Описание плавания 'Святого Иоанна', доставленное курьером через всю Сибирь, лишь ненамного опередило сам корабль, благополучно доставивший груз чая из Кантона в Ливорно. Капитан прибыл ко мне в Кафу на флейте 'Ромул', вместе с завербованными для Крыма неаполитанскими виноделами. Почему не на 'Иоанне'? Турки бы не пустили. По Ак-Кадынларскому трактату, через проливы имеют право ходить далеко не всякие суда. Любые особенности, приличествующие военному кораблю, служат уважительною причиной для недопуска в сердце османской столицы. А мои 'торговые фрегаты' построены были по чертежам французского пятидесятипушечника 'Диамант', с весьма небольшими изменениями. Нижней орудийной палубы нет, да обводы заострены для скорости. Хищная природа сразу бросается в глаза: как бы тигр ни прятал клыки, его не принять за овечку. Чтобы зря не тревожить султана, сразу по окончании турецкой войны я заказал на оставшейся без казенных заказов Анненхафенской верфи небольшую флотилию иных судов, наподобие голландских флейтов. Подкрепления для установки пушек снаружи не заметны, а сами орудия легко и быстро убираются в трюм и так же просто могут быть возвращены на место. Слишком много охотников до чужого добра бороздит Медитерранское море, чтобы пренебрегать вооружением. В то же время, обличье у кораблей вполне мирное. Имена они получили в честь древнеримских героев.
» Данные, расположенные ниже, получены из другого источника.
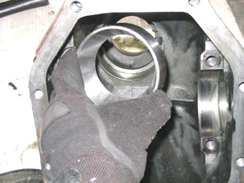 OSのデフに新品のリングギアと、こちらも新品のサイドベアリングをセットします。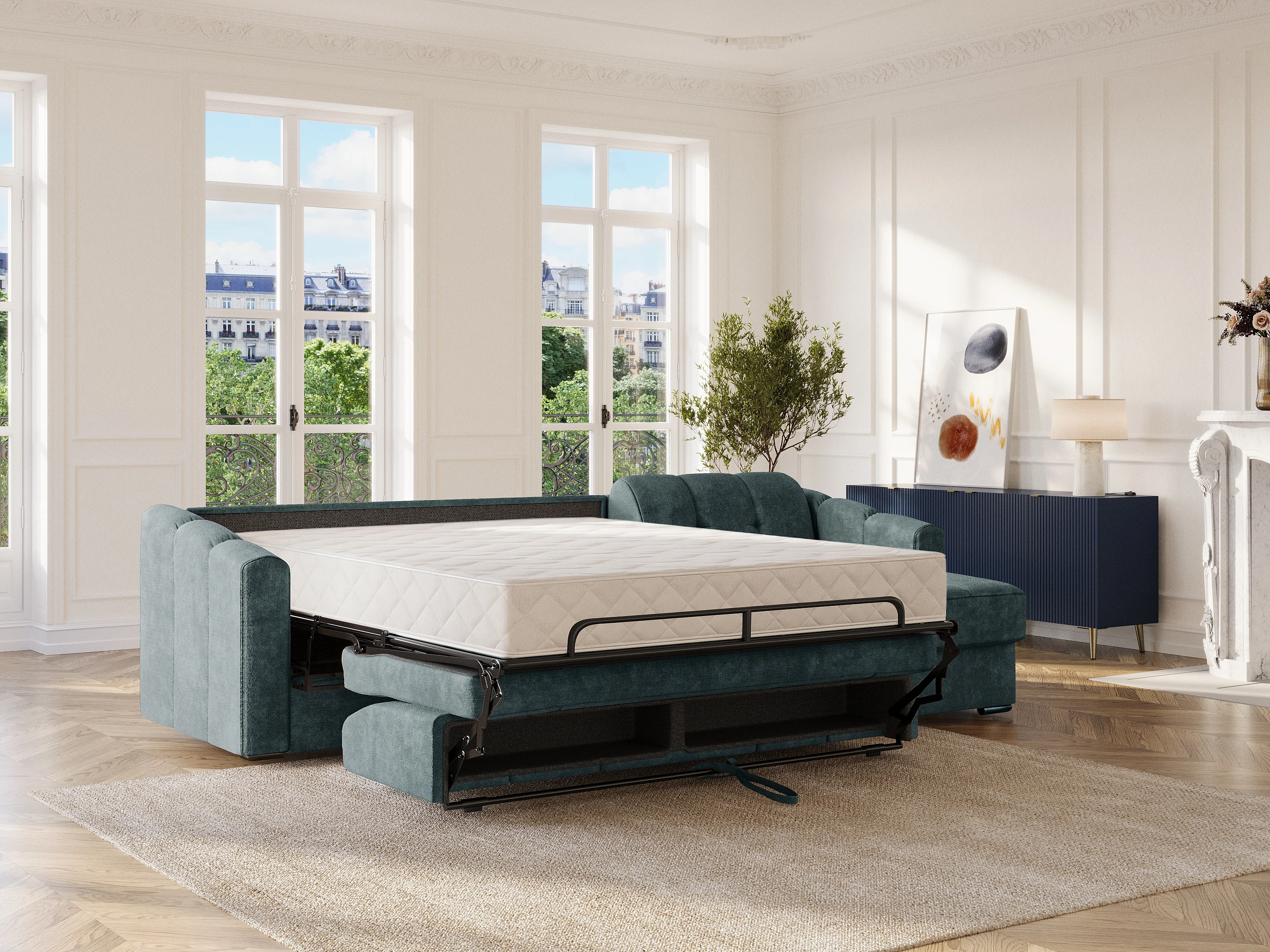 Sofá de canto convertível abertura rápida em tecido texturizado azul pato - Cama ripas largas 160 cm - Colchão 22 cm com memória de forma - DARIELO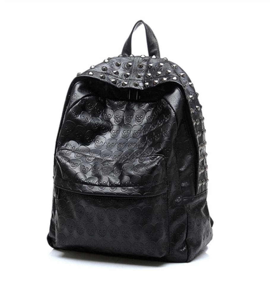 Skull Riveted Backpack. This black backpack has Zipper closure, Polyester material & Riveted decorations.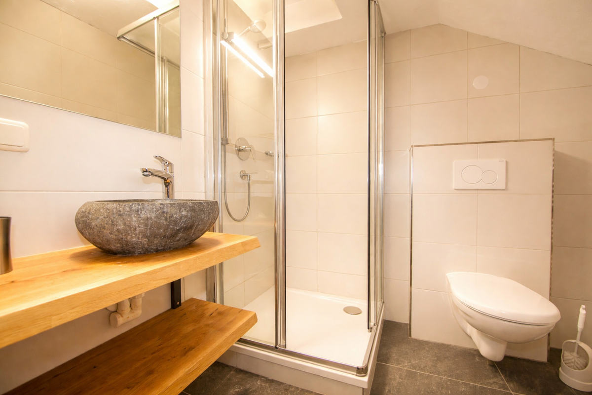 Our Liftblick apartment is located on the ground floor and features its own covered terrace of approx. 20 m². The apartment includes a bedroom with a double bed, a bathroom with shower and toilet, as well as a smart TV. In the spacious living area, you will find a comfortable sofa bed (W: 170 × L: 200 cm) with a smart TV and access to a private bathroom with shower and toilet. The sofa bed provides enough space for 2 adults or children to sleep.

Воздав Морелли подобающие почести и вознаградив соразмерно заслугам, расспросил обо всех мельчайших подробностях, могущих способствовать основанию колонии или затруднить оное. Осведомился, сколько времени ему нужно на отдых и на встречи с родными, перед следующим плаванием.
— Ваше Сиятельство, жаль Вас разочаровывать, но я хотел бы остаться на берегу насовсем. У меня теперь достаточно денег, чтобы купить виллу близ Неаполя и закончить карьеру моряка.
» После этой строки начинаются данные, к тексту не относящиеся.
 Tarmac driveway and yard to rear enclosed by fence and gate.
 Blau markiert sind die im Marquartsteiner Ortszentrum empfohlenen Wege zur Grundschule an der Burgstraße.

— Как же корабль, команда? Может, передумаешь?
— Я уже стар, Ваше...
— Моложе меня. Кажется, лет на десять?
— Не всем дано сохранить такую живость в преклонные годы, господин граф. Устал. Жена состарилась, дети выросли — все без меня. Дни дома — месяцы в море. Хочется покоя.
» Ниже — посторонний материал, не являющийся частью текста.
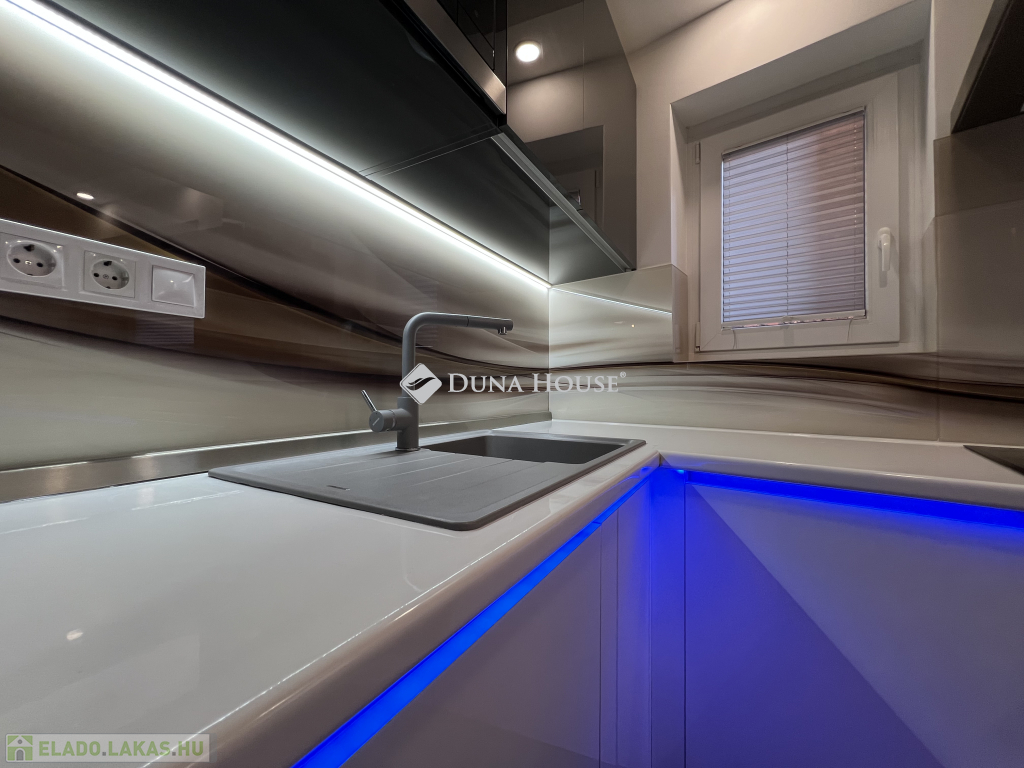 Modern designos, belső kétszintes lakás Budapest VI. kerületében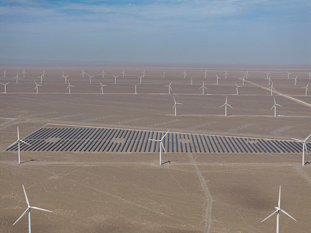 這是8月8日拍攝的甘肅省玉門(mén)市一處風(fēng)電場(chǎng)(無(wú)人機照片)。新華社記者 張可任 攝`

— Тебя сложно будет заменить.
— Господин граф, мой подшкипер не раз это делал во время последнего плавания. Теодор вполне готов к должности капитана.
— Федя Рябов? Не слишком юн?
— Старше, чем были Вы, когда получили полк под начало.
— Да, время летит. Ладно. Отдыхай. Пусть хранит тебя Пресвятая Дева! Заскучаешь на берегу — помни, корабль для капитана Морелли всегда найдется.
Успел Альфонсо соскучиться по морю, или же нет — никому не известно, потому что следующей зимой его зарезали разбойники. Вместе с женою, в недавно купленном имении. Распространился слух о сказочных богатствах, привезенных капитаном из дальних стран, а кто-то из слуг предал и впустил злодеев.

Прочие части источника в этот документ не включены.